═══ SOURCE MATERIAL ═══

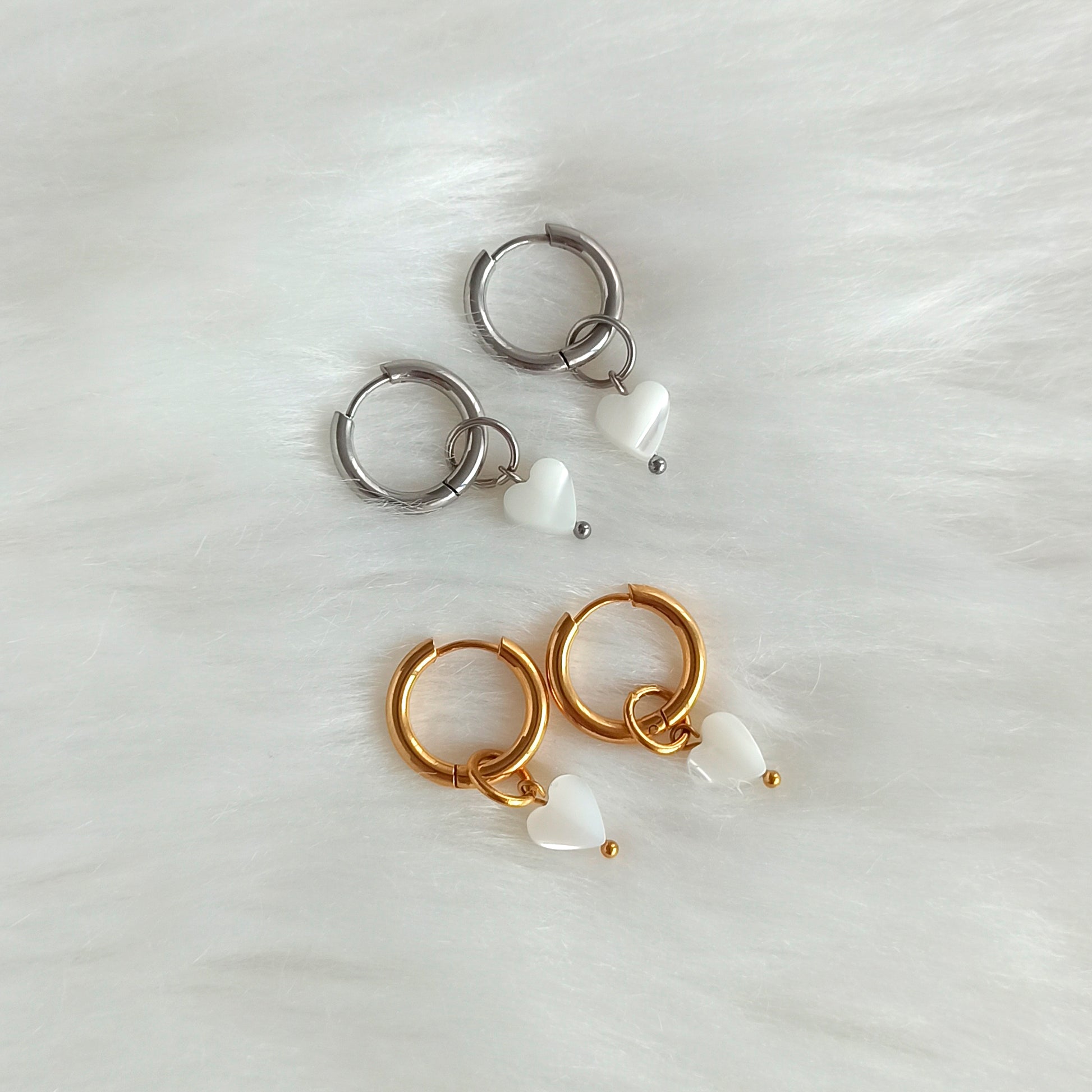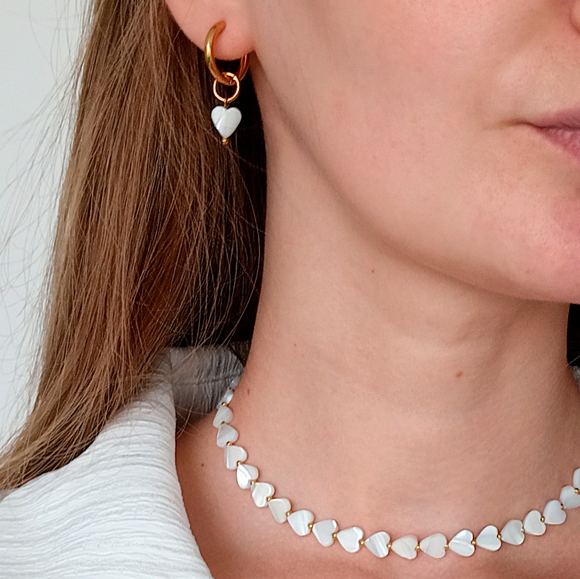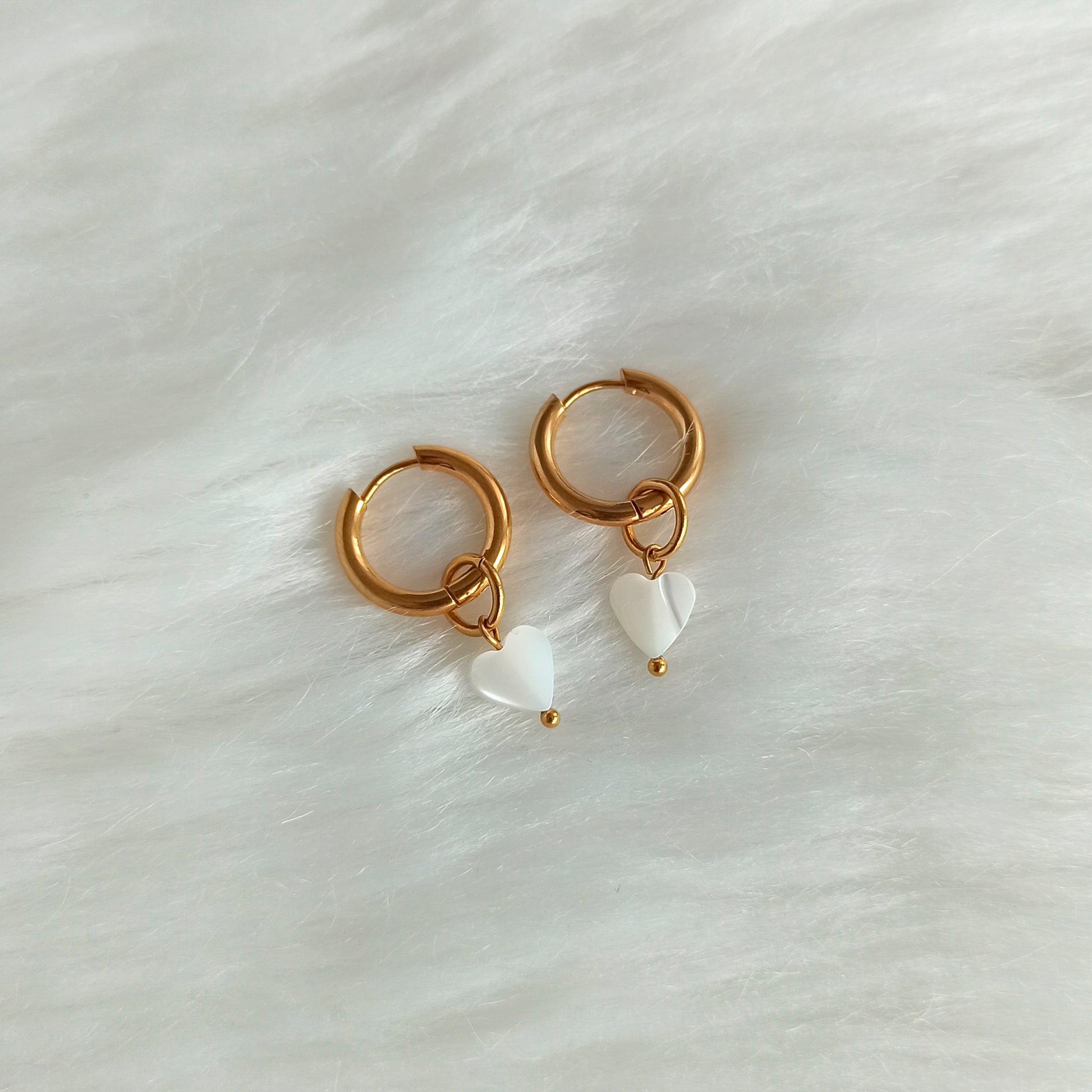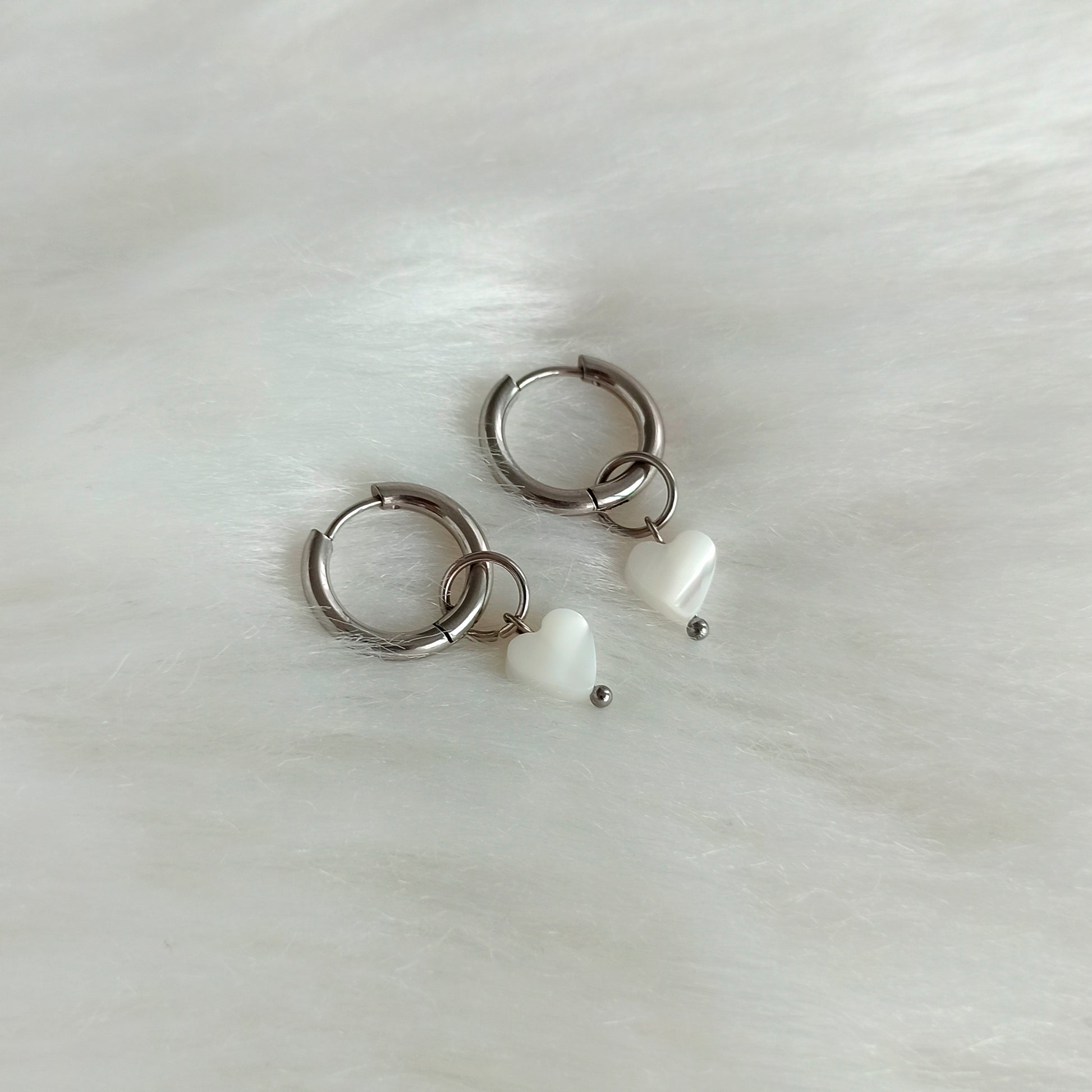 Kruhové náušnice s přívěskem ve tvaru srdce z přírodní perleti.
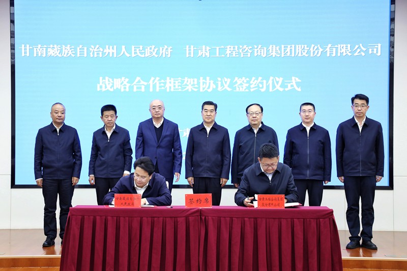 甘南州委常委、常务副州长杨光龙主持签约仪式,并与甘肃工程咨询集团总经理、董事陈一夫签订战略合作框架协议。甘肃工程咨询集团领导曹庆、白鑫、贾志坚出席并见证签约。
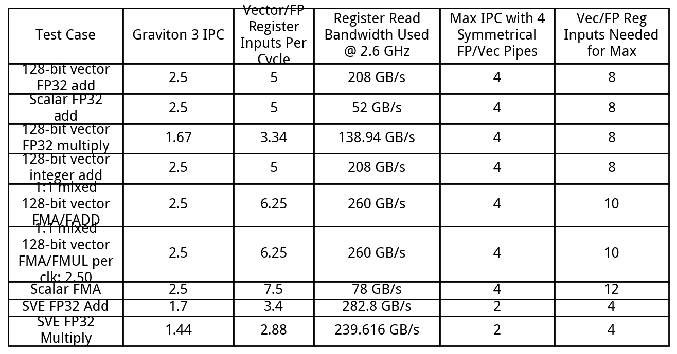 In terms of execution throughput, Graviton 3 probably has four 128-bit vector/FP pipes, since it’s able to do more than one SVE instruction per cycle for all of the operations (FP add, FP multiply, integer add) we tested. Theoretically, this would let Graviton 3 achieve impressive throughput for NEON and scalar FP operations, but we weren’t able to exceed three instruction per cycle throughput for NEON FP add/multiply and integer adds. This could be explained by a register file bandwidth limitation, in terms of inputs per cycle needed.
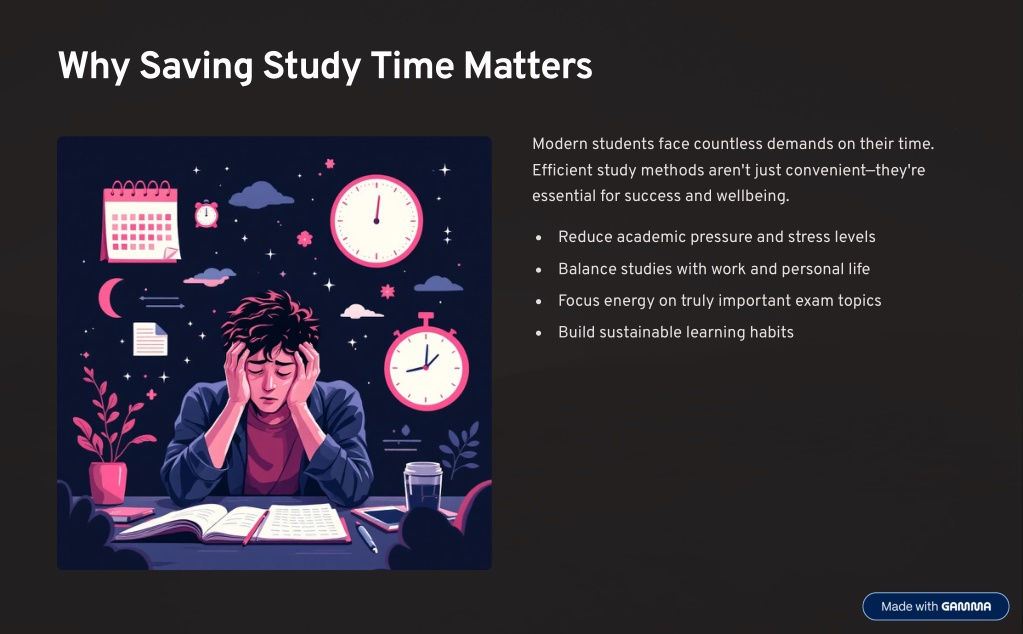 2. Why Saving Study Time Matters Modern students face countless demands on their time. Efficient study methods aren't just convenient4they're essential for success and wellbeing. Reduce academic pressure and stress levels Balance studies with work and personal life Focus energy on truly important exam topics Build sustainable learning habits

═══

[EXERCISE]: A word-for-word copy of the lines from the one with "甘南州委常委、常务副州长杨光" through the last line of the data above is required, with both end lines included and no pictures.

[SOLUTION TO THE EXERCISE]:
 甘南州委常委、常务副州长杨光龙主持签约仪式,并与甘肃工程咨询集团总经理、董事陈一夫签订战略合作框架协议。甘肃工程咨询集团领导曹庆、白鑫、贾志坚出席并见证签约。
 In terms of execution throughput, Graviton 3 probably has four 128-bit vector/FP pipes, since it’s able to do more than one SVE instruction per cycle for all of the operations (FP add, FP multiply, integer add) we tested. Theoretically, this would let Graviton 3 achieve impressive throughput for NEON and scalar FP operations, but we weren’t able to exceed three instruction per cycle throughput for NEON FP add/multiply and integer adds. This could be explained by a register file bandwidth limitation, in terms of inputs per cycle needed.
 2. Why Saving Study Time Matters Modern students face countless demands on their time. Efficient study methods aren't just convenient4they're essential for success and wellbeing. Reduce academic pressure and stress levels Balance studies with work and personal life Focus energy on truly important exam topics Build sustainable learning habits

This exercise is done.